- Location: Jobar, Damascus, Syria
- Date: April 2013
- Deaths: unknown

= Jobar chemical attacks =

The Jobar chemical attacks allegedly occurred in Jobar, Damascus, Syria, in April 2013. A reporter and a photographer for the French newspaper Le Monde spent two months in Jobar reporting on the attacks. However, the U.N. mission which investigated the attack could not find "sufficient or credible information" to support the allegation.

Syrian rebels claimed the government used chemical weapons in Jobar in early April. Le Monde reported that gas attacks on the rebels occurred regularly in April and that Free Syrian Army fighters carried gas masks and had syringes with doses of atropine, the antidote of sarin. Chemical weapons expert Jean Pascal Zanders expressed doubt that the events described in Jobar could have involved sarin, saying that sarin victims would not have survived the lengthy journey to the hospital described by the newspaper.

On April 14, a doctor at the Islamic hospital in Hammuriya interviewed by Le Monde said that earlier in the day he had given an attack victim 15 shots of atropine and some hydrocortisone. While Zanders replied that the treatment could have killed the patient.

Le Monde reported "injured fighters were lying beside five medical workers who had been contaminated by contact with the affected men" and that the hospital's director lost consciousness after working alongside casualties for an hour.

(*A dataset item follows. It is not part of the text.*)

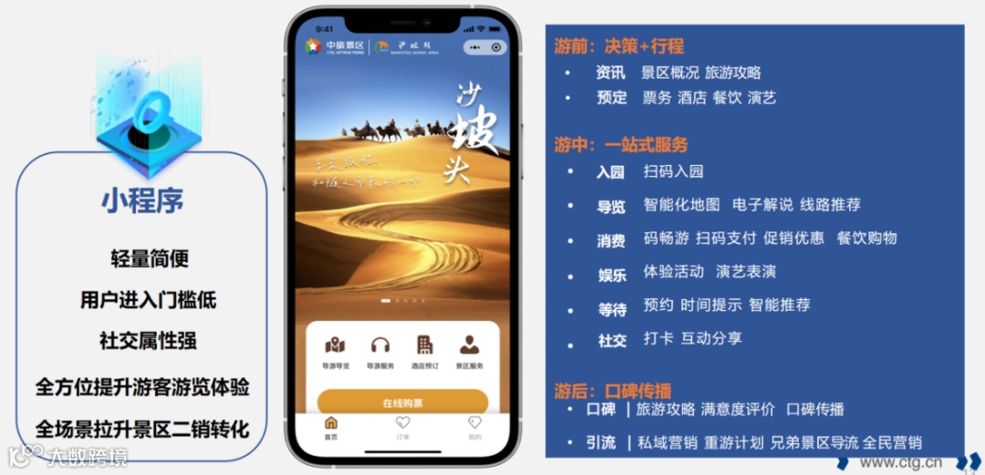 基于中旅国际数字化平台强大的供应链优势和资源整合能力,支持快速构建满足游客游前、游中、游后服务需求的游客端小程序,一年内,已赋能17家自有景区、上线20个官方微信小程序,为游客提供游前(资讯、预订)、游中(检票、导览、消费、娱乐、排队、社交)、游后(评价、攻略)一站式服务和体验。游客通过景区小程序可实现从查询、实名预订、支付购票、预约、人脸识别到二维码入园核销一站式完成,智慧化应用提升游客体验。

The newspaper also said that "according to a well-informed Western source, the Syrian authorities have gone so far as to use mixtures of chemicals, notably with the addition of tear gas, to make it harder to identify the source of the symptoms."

==Investigations==
In June 2013, the French government told the United Nations that it had evidence of a sarin attack in Jobar between 12 and 14 April. After the August 21st Ghouta chemical attack, French intelligence released a report that said samples from those attacks had confirmed the use of sarin. However, the U.N. fact-finding mission which investigated the alleged attack did not receive "sufficient or credible information" to support the allegation.